Christian denomination

The Metropolitan Spiritual Churches of Christ (MSCC) is a Christian denomination descending from the spiritual church movement. Formed in 1925 in Kansas City, Missouri, the MSCC is divided into 7 dioceses led by diocesan prelates. The current presiding prelate for the denomination is Bishop James D. Tindall Sr.

== History ==
In September 1925, the first congregation—Metropolitan Spiritual Church of Christ—was established in Kansas City, Missouri by Bishop William F. Taylor (not to be confused with Bishop William Taylor, missionary) and Elder Leviticus L. Boswell. Previously, Taylor served within the Christian Methodist Episcopal Church, and Boswell served within the Metropolitan Community Church; Boswell was ordained as an elder within the Church of God in Christ. Leaving their established religious communities to establish a Spiritualist movement, one member claimed the MSCC "provided in part an 'umbrella group for gays.'" In 1926, the Metropolitan Spiritual Churches of Christ began ordaining women ministers.

Following the death of Bishop Taylor, a succession crisis occurred, and in 1942 the MSCC merged with the Divine Spiritual Churches of the Southwest, based in New Orleans, Louisiana. This merger created the United Metropolitan Spiritual Churches of Christ, though the united and uniting church schismed into two separate denominations: the United Metropolitan Spiritual Churches of Christ, and the Metropolitan Spiritual Churches of Christ in Kansas City.

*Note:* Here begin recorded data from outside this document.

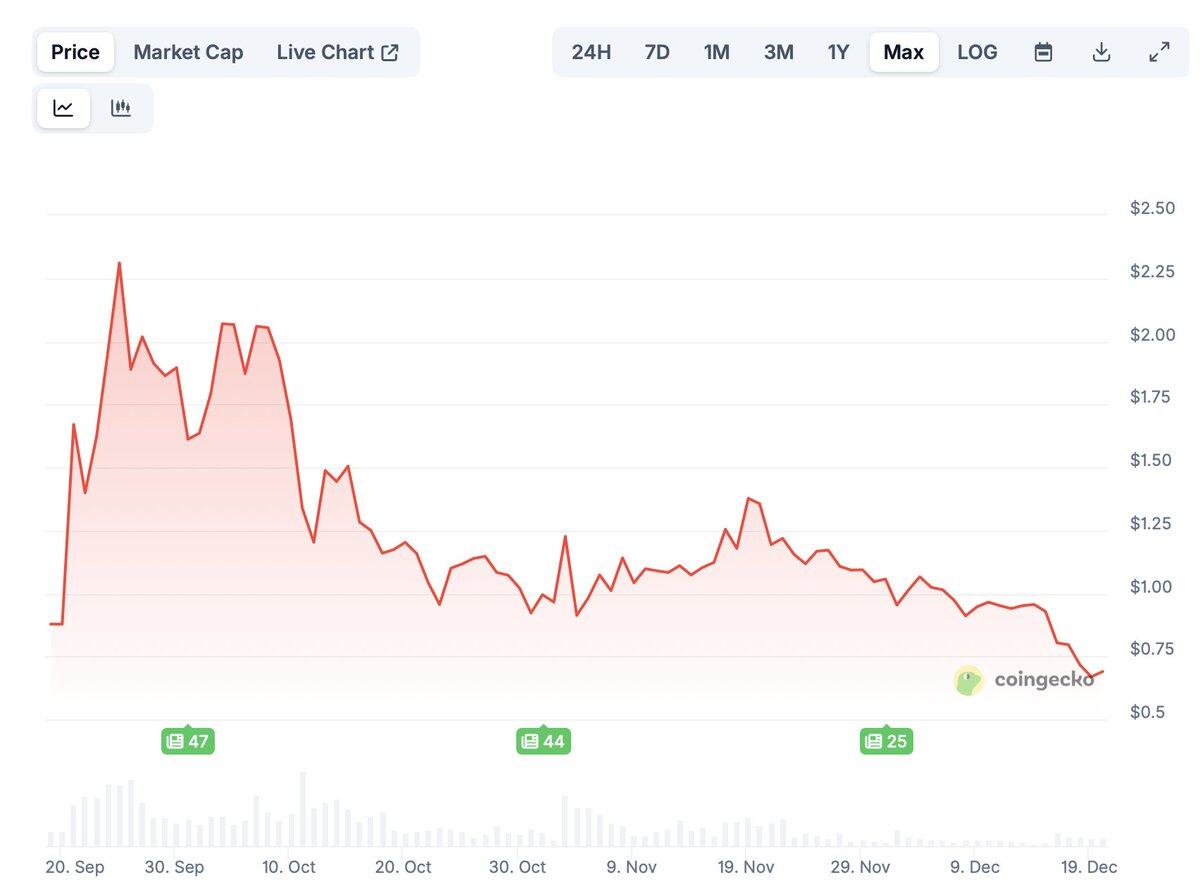 如果你一直热衷于交易 2025 年 TGE 的代币,至今结果会很明确:代币上线第一周内火爆,随后热度逐渐降低,最后默认接受“发行价就是最高点”。大多数新上线的代币表现不佳,甚至暴跌,因为市场始终将代币经济学和流动性视为基本面。
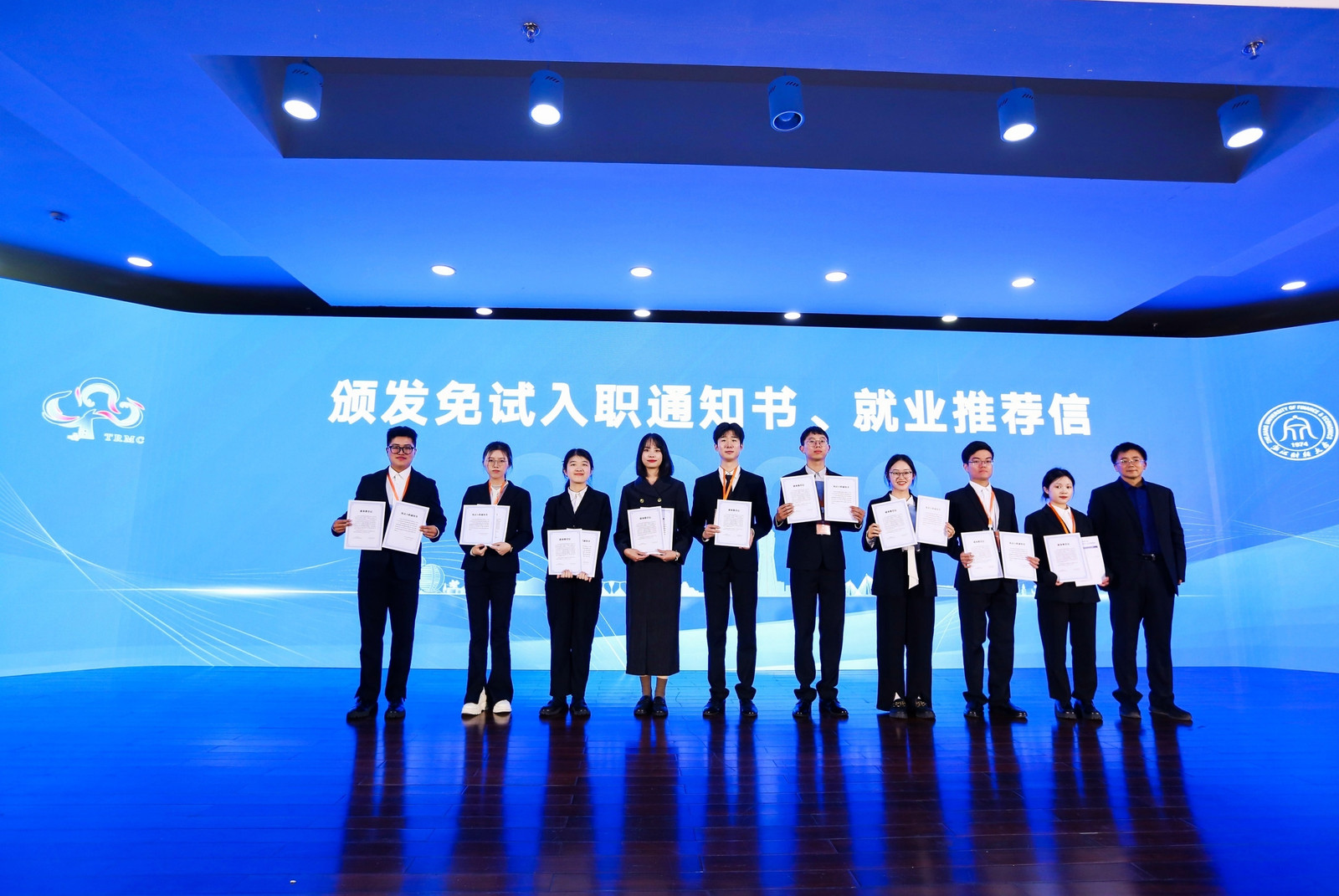 浙江省注册税务师协会行业党委常务副书记、会长邢幼平宣读了免试入职文件并颁发证书。公司经理司言武代表大赛组委会为参赛选手代表颁发就业推荐信。
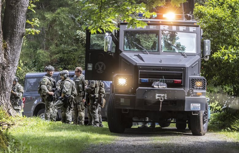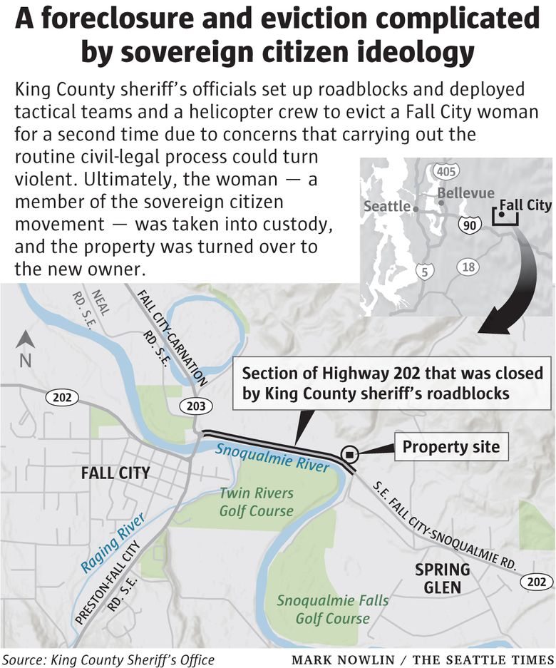 Sheriff’s officials learned of her involvement in the sovereign citizen movement and found an untraceable ghost gun the first time around. So they weren’t taking any chances when they returned to remove her from the white, wood-sided house on Southeast Fall City-Snoqualmie Road.
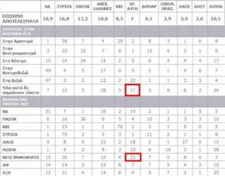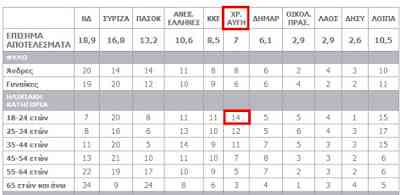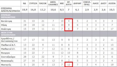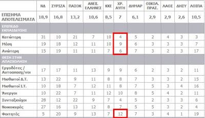 Με βάση τους σχετικούς πίνακες, η Χρυσή Αυγή ήρθε δεύτερο κόμμα στις ηλικίες 18-24 με ποσοστό.....
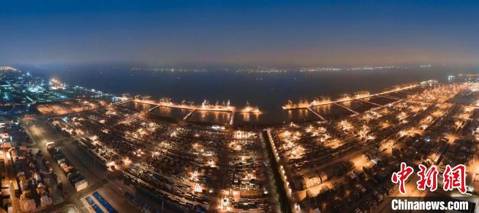 外高橋碼頭燈火通明,作業(yè)繁忙。馬杰 攝
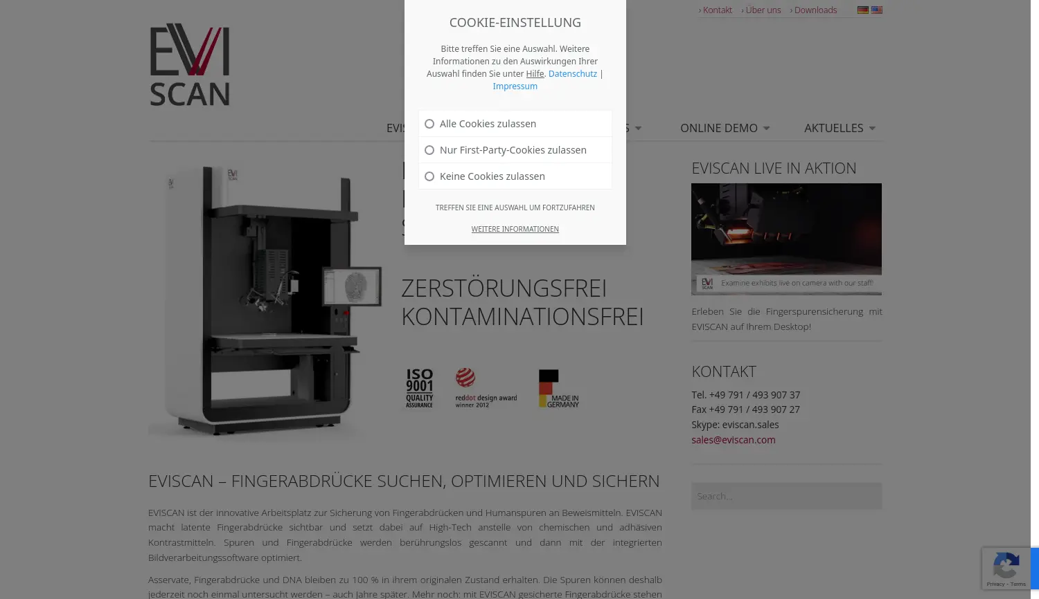 Berührungslose, zerstörungsfreie und kontaminationsfreie Fingerspurensicherung für die Forensik. EVISCAN ist ein innovativer Arbeitsplatz zur berührungslosen und zerstörungsfreien Sicherung, Optimierung und Konservierung latenter Fingerabdrücke auf Beweismitteln.
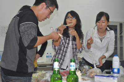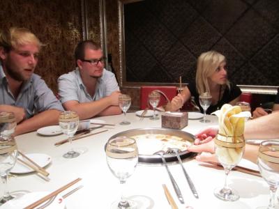 ...Sogar der Kuchen wird hier mit Stäbchen gegessen. Die Chinesen machens vor, und wir versuchen unser Bestes, allerdings gings mit den Fingern dann doch leichter...
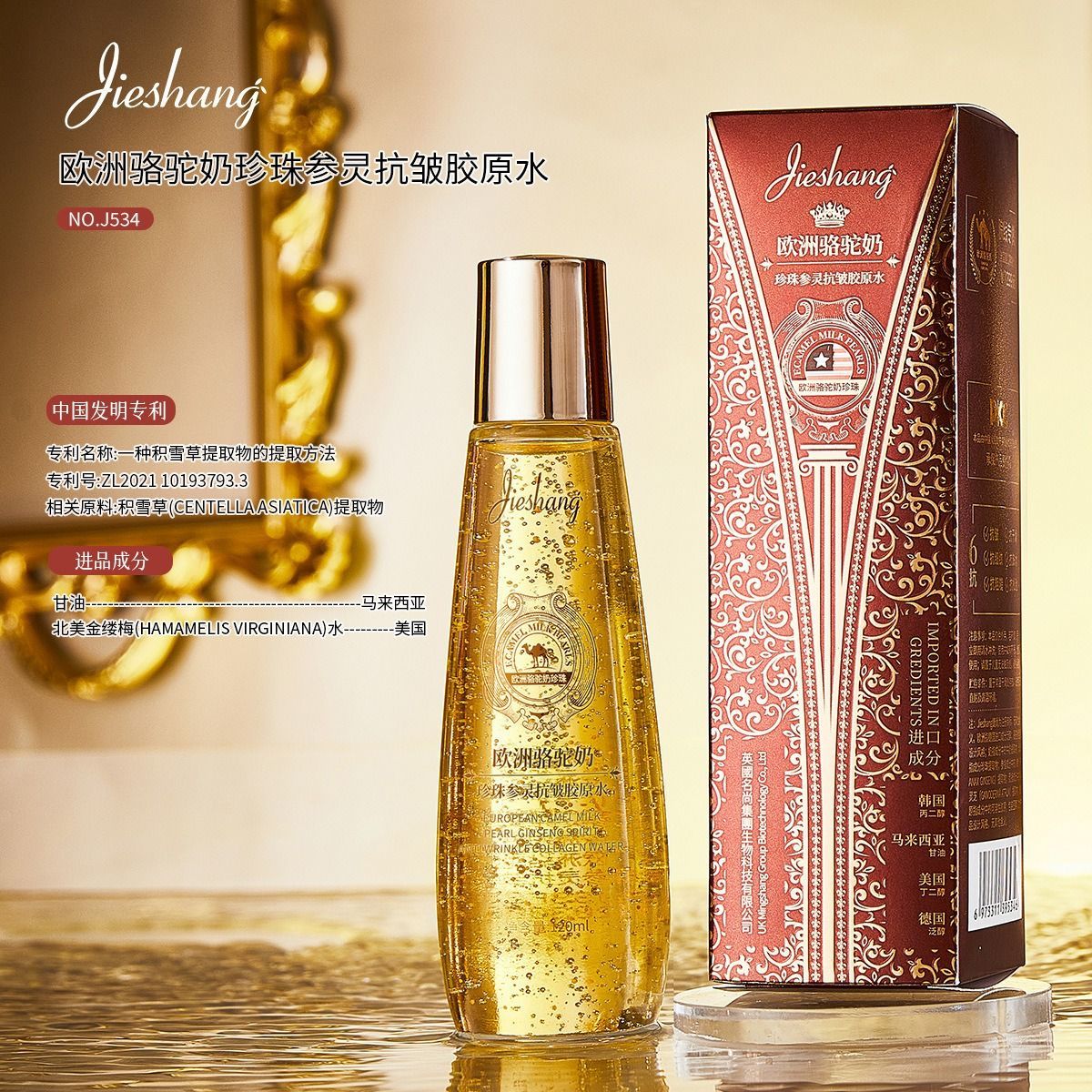 Tinh chất sữa lạc đà JieShang ngọc trai nhân sâm chống nhăn collagen nước dưỡng ẩm làm sáng da 120ml giá sỉ - giá bán buôn

In 1974, the MSCC held its 49th congress under the leadership of Bishop Taylor's successor, Bishop Clarence H. Cobbs. Under Bishop Taylor's administration, Cobbs founded the First Church of Deliverance in May 1929. By 1979, Lucretia L. Smith became the first female presiding bishop of the denomination.

== Doctrine ==
As a part of the spiritual church movement, the Metropolitan Spiritual Churches of Christ syncretizes certain tenets of Christian Science, Pentecostalism, and Methodism. The MSCC also teaches the foursquare gospel and some of its churches use Catholic iconography and statues, though ritual items and belief systems vary through each congregation; once, the denomination officially practiced seances, however the MSCC "has attempted to disassociate itself from certain aspects of the larger Spiritual movement (.e.g., seances) and particularly Voodoo."